If you follow our VC Roundup, you may have noticed something strange a few weeks back. The long dormant Snipi suddenly raised $2.5 million and seemed back from the dead. Except it wasn’t.
Snipi, the Evernote-like application that allowed users to collect and organize web content, had pivoted to become Sidecar, an automated marketing tool for e-commerce companies.
“We’re building a system that helps e-commerce companies leverage a lot more information than what the average worker can handle on a day-to-day basis,” says Founder Andre Golsorkhi.
Basically, he says, e-commerce sites often have to manage search engine marketing, on-site personalization, email personalization and other aspects of their business by constantly monitoring metrics and adjusting the campaigns accordingly. Sidecar automates the process so the site can worry about the big picture stuff.
“Many retailers can’t afford to operate all of the different systems at once. Rather than having teams of people or multiple agencies use all of these tools, we made a platform that can manage these aspects for the retailers,” he says.

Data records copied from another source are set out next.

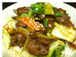
Beef Teriyaki Don

($2.00 minimum will be charged for any substitution)
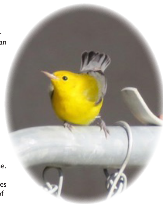
The Prothonothary Warbler was not shy and reportedly flew around observers' feet.

How did this bird get to Yaphank? We will never know! It may have gotten hooked up with the wrong migrating flock, been blown off course by storms in late summer or early fall, or just mixed up his north with his south – the proper direction for migration. Usually shy and rather reclusive, this particular bird – seen here and photographed on Dec 1, 2017 – was just the opposite! Hunting insects among farm equipment, animal waste piles, and an empty building, it frequently was reported as flying around human observers' feet, and clinging to walls.
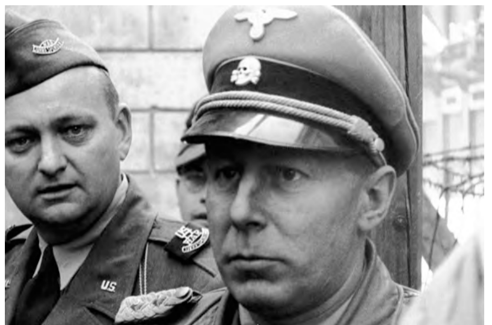
SS Colonel Walter Rauff (right, photographed after his arrest in 1945), inventor of the mobile gas chamber, was charged with carrying out a Holocaust of Jews in Palestine.

A new series of bloody pogroms took place in 1929, the victims of which included the Jewish community of Hebron. In the aftermath, London published a mandate policy document in October 1930 that proclaimed new immigration restrictions on Jews, as well as measures to make it difficult to sell property to Jews. That 'White Paper' also denied that the development of a Jewish national home would be the central mandate.
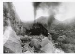
Train descending into Baxter Pass. (1987.39.8)
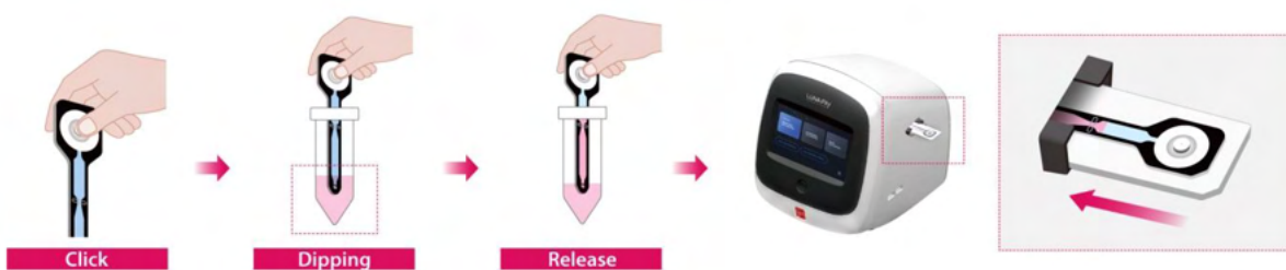
Figure 1. Illustration of the SpectraSlide® AP-1 workflow. Press the sampling button, dip the sampling hole in the sample, release to draw in the liquid, and insert the slide into the LUNA-FX7™ for automated cell counting.

In this application note, we compare the performance of the SpectraSlide® AP-1 against the PhotonSlide™ for viability and concentration analysis of HL60 and Jurkat Cells using the LUNA-FX7™.
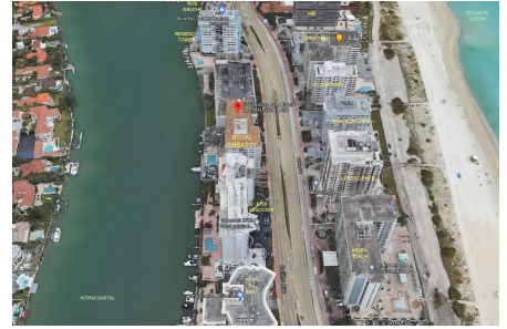
Built in 1968 - 130 units - 17 floors

Royal Embassy Condominium Association 5750 Collins Ave Apt 3B Miami Beach, FL 33140 Phone: +1 305-868-3488
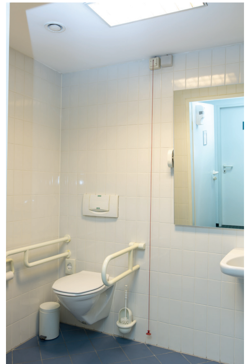
General accessible WC
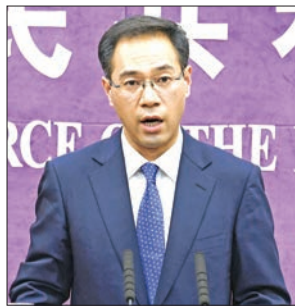
Chinese Commerce Ministry spokesman Gao Feng.
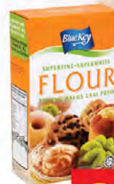
BLUE KEY Superfine Super White Flour 1kg
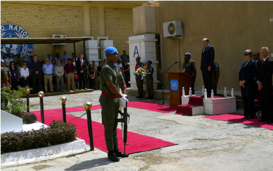
SRSO Ad Melkert and UNAMI staff commemorate the 8th anniversary of the attack on UN Headquarters in Baghdad, 19 August 2011.

rum, a network of Iraqi civil society organizations. "This is to send a message to the world that Iraqis will not forget those who stood by us, extending a helping hand. It is also a message (...) that Iraq is home to peace, love and accord. Acts of terrorism have nothing to do with Iraq's history, genuineness and generosity," the Forum said in a delivered statement.
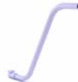
CF722025 Aluminium Hand Grip 50 mm
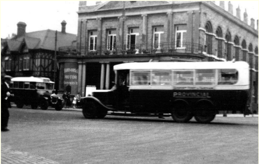
This 1930s view in Gosport High Street captures the spirit of the Provincial fleet of the time, with a 6-wheel Chevrolet about to pass a Thornycroft. Although we haven't been able to positively identify either vehicle, the Thornycroft could well be no.10(TP 6102), which was originally owned by Hawkins of Gosport.
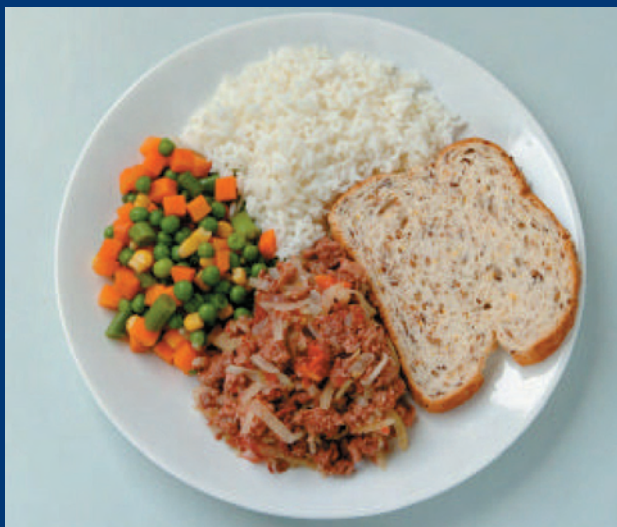
CORNED BEEF BOILUP WITH RICE, BREAD AND VEGETABLES
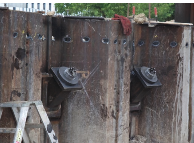
Image 2: Pre-tensioned line anchors prior to installation of the steel caps.

Image 1: Cross section and topview of anchor console design
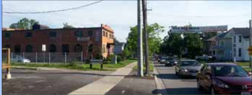
High traffic count AM & PM, 21,732 (2006) — 19.2% over growth 3 years
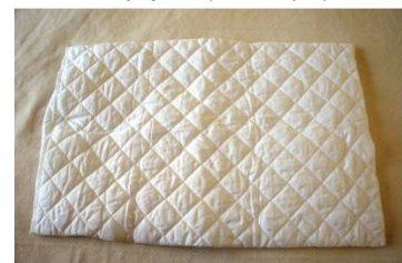
4 Pillow protectors
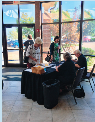
Arc board members greet guest.
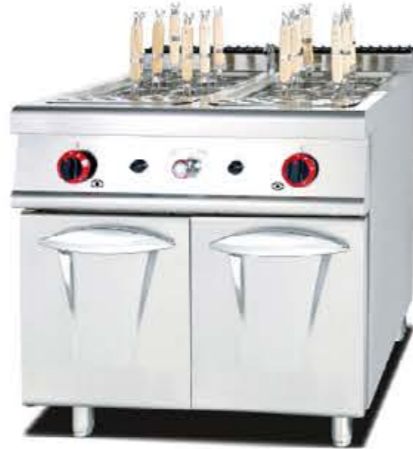
GH-988 / GH-788(700) Gas Pasta Cooker With Cabinet
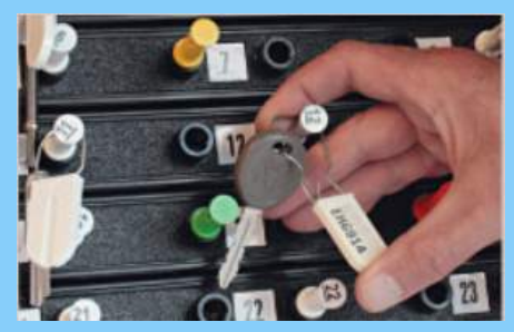
The keys are attached to the system by an anti-tamper security key holder
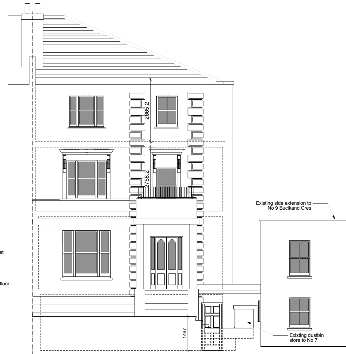
FRONT ELEVATION - EXISTING
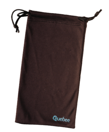
Spectacles Bag QB-D401-BLK

3M<sup>™</sup> Super-clear<sup>™</sup> Disposable Protective Eyewear Lens Cleaning Station (1520DM)
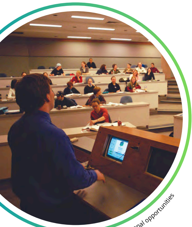
North Bay offers a variety of educational opportunities
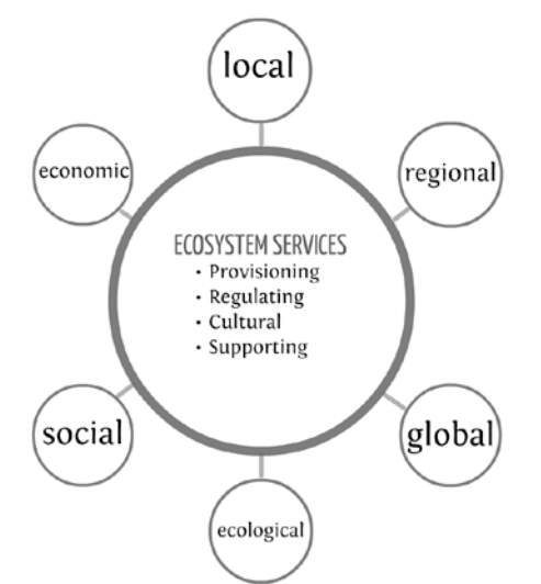
Figure 1: Ecosystem services, including their spatial scales and agro-ecosystem impact indicators (illustration: Pohl)

The filtering, buffering, and transformation function of soils (Figure 2; Blum, 1998) regulates and supports ecosystem services like nitrogen fixation, erosion control, soil conservation, soil formation and nutrient cycling.
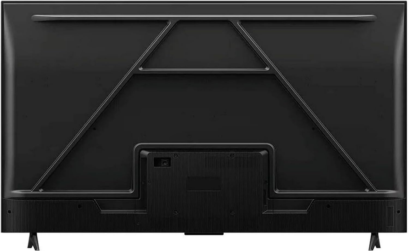
Figure 2.2: Rear View with Mounting Points

The TCL 55S451 TV is VESA compatible with a 200mm x 200mm pattern and requires M6 x 12 screws. A wall mount is not included. Refer to your wall mount's instructions for proper installation. Ensure adequate ventilation around the TV when wall-mounted.
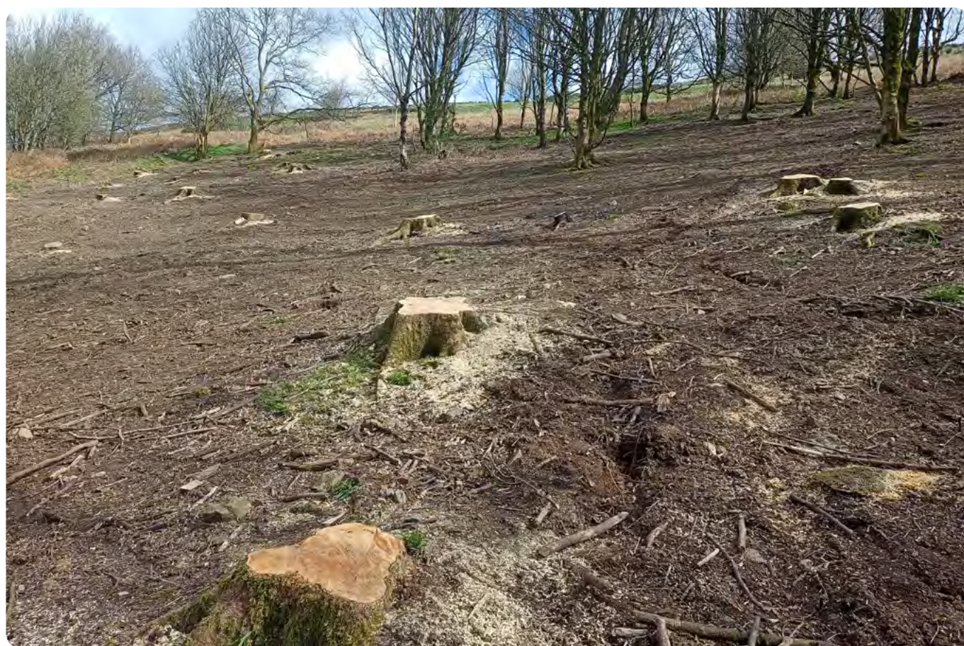
Tree clearance to restore acid grassland, Malvern Hills.
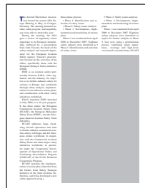
1/2 PAGE VERTICAL
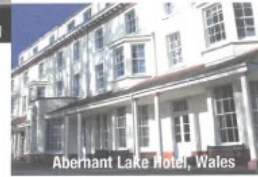
Abernant Lake Hotel, Wales

Your views are very important to us. We would greatly appreciate five minutes of your time to complete and return this form to reception prior to your departure
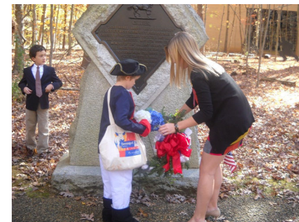
Members place a wreath at the Bugler Gillies Monument.

The result is a dashboard where companies can monitor campaigns and tweak as needed and the product is just preparing for primetime after nearly a year of development. The first commercial beta of Sidecar launched in September 2010 with its full public launch in April 2011.
So far, the pivot is working. The company has raised $2.5 million dollars in venture capital money in August to help expand its current 12-employee workforce and Snipi has been rolled into Sidecar. Sidecar’s business model relies on taking performance-based percentages from sales resulting in marketing conducted by Sidecar.
“Our core principle is automation. We want to remove the necessity for people to do the knuckle-bleeding work. With this funding we hope to add additional components like social media or affiliate marketing,” says Golsorkhi who added that the company will hire three more employees to be based out of its Gayborhood offices at 13th and Sansom.
“There’s minutia that has to be done every day that bogs down the team, in some shops even the owner is actively involved. We want them to get to the more creative and strategic work.”
Philadelphia and e-commerce
Philadelphia is evolving into a small but thriving home for e-commerce companies and vendors. A look at a few that we’ve covered recently:
- Lamps.com, the Old City lighting provider.
- Monetate, a tool to help e-commerce companies with testing.
- QVC, the now-ubiquitous shopping network is one of Monetate’s bigger customers and was originally funded by Safeguard Scientifics and Internet Capital Group.
- Revzilla, the South Philly-based motocross online retailer.
- And the big fish, GSI Commerce which sold to eBay for $2.4 billion.
- WebLinc, the web development firm that focuses on e-commerce.